WHAT YOU SHOULD DO. Please restate every line below exactly, without any pictures.

DATA EXCERPT.

────────

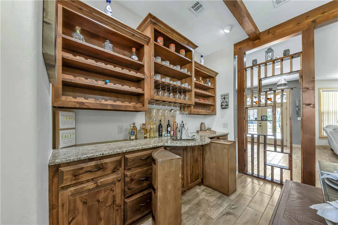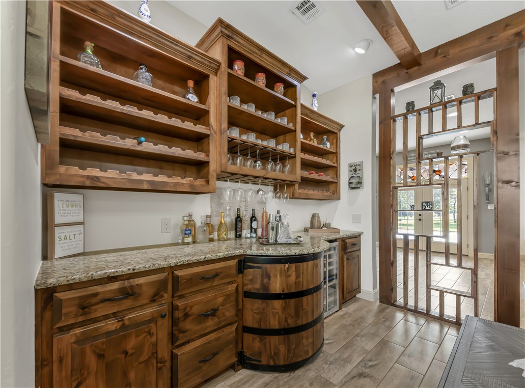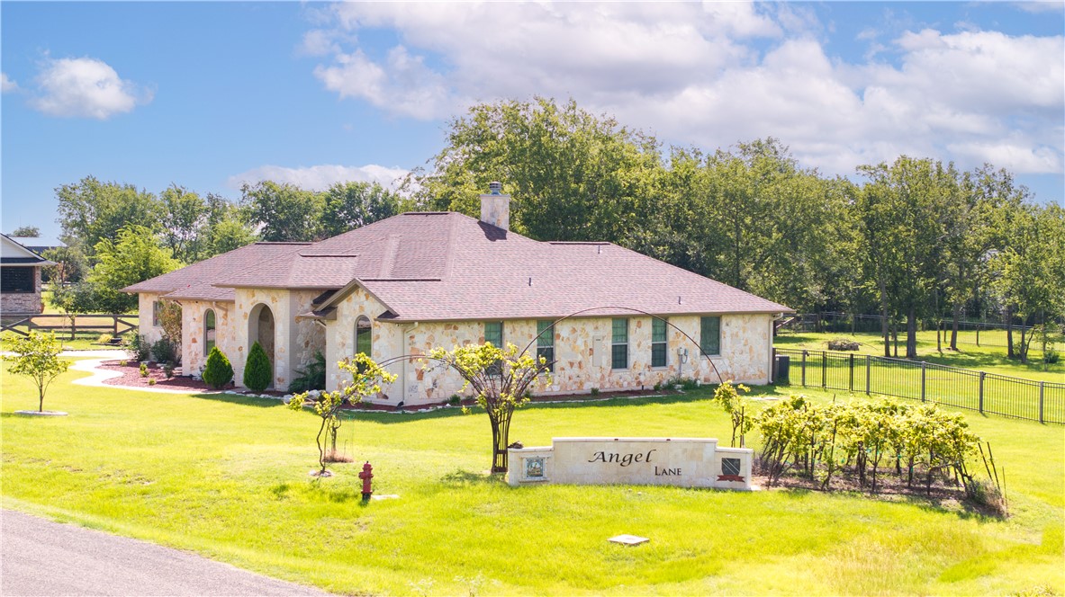 Located at 5000 Angel LN, BRYAN TX 77808, in the inviting community of Messina Hof Estates in Bryan, this single-family residence offers a wonderful opportunity to own 1.29 acres. Built in 2016, this property presents a well-maintained environment ready for its next chapter. With three bedrooms, an office, custom wood cabinets through out and a built in bar, this home provides private retreats for rest and rejuvenation. Each bedroom serves as a personal haven, offering the space to unwind and recharge after a fulfilling day. Imagine the comfort and tranquility found within these restful spaces, designed to promote peaceful sleep and serene mornings. This residence also features 2.5 bathrooms, thoughtfully designed for both functionality and comfort. The bathrooms provide a private space for self-care and relaxation, ensuring a seamless start and end to each day. Envision starting your day in these refreshing spaces, equipped with the essentials to streamline your routine. Don't miss the opportunity of calling this HOME, call to schedule your showing today!
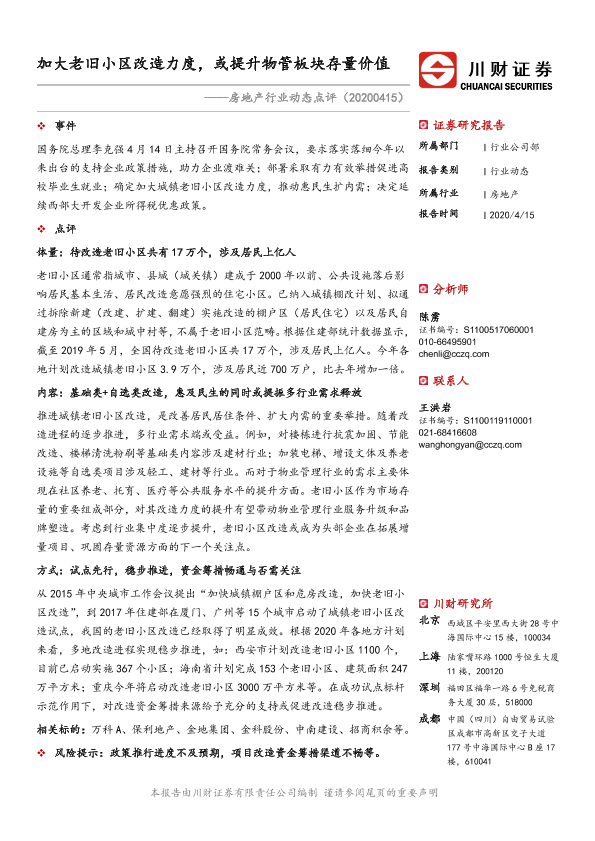 【川财证券】【20200415】加大老旧小区改造力度,或提升物管板块存量价值-2页
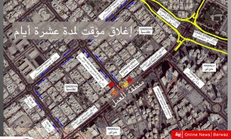 أفصحت الهيئة العامة للطرق والنقل البرى بالتعاون مع الإدارة العامة للمرور عن قرار إغلاق مؤقت لمدة 10 أيام لمدخل ومخرج شارع عبدالعزيز محمد الدعيج على طريق الدائرى الثالث بمنطقة القادسية واستخدام مدخل ومخرج شارع 102 كبديل مؤقت وذلك لعمل خطوط المياه النهائيه بالشارع بداية من الخميس الموافق 2023/9/28.

────────

EXERCISE RESULT.
 Located at 5000 Angel LN, BRYAN TX 77808, in the inviting community of Messina Hof Estates in Bryan, this single-family residence offers a wonderful opportunity to own 1.29 acres. Built in 2016, this property presents a well-maintained environment ready for its next chapter. With three bedrooms, an office, custom wood cabinets through out and a built in bar, this home provides private retreats for rest and rejuvenation. Each bedroom serves as a personal haven, offering the space to unwind and recharge after a fulfilling day. Imagine the comfort and tranquility found within these restful spaces, designed to promote peaceful sleep and serene mornings. This residence also features 2.5 bathrooms, thoughtfully designed for both functionality and comfort. The bathrooms provide a private space for self-care and relaxation, ensuring a seamless start and end to each day. Envision starting your day in these refreshing spaces, equipped with the essentials to streamline your routine. Don't miss the opportunity of calling this HOME, call to schedule your showing today!
 【川财证券】【20200415】加大老旧小区改造力度,或提升物管板块存量价值-2页
 أفصحت الهيئة العامة للطرق والنقل البرى بالتعاون مع الإدارة العامة للمرور عن قرار إغلاق مؤقت لمدة 10 أيام لمدخل ومخرج شارع عبدالعزيز محمد الدعيج على طريق الدائرى الثالث بمنطقة القادسية واستخدام مدخل ومخرج شارع 102 كبديل مؤقت وذلك لعمل خطوط المياه النهائيه بالشارع بداية من الخميس الموافق 2023/9/28.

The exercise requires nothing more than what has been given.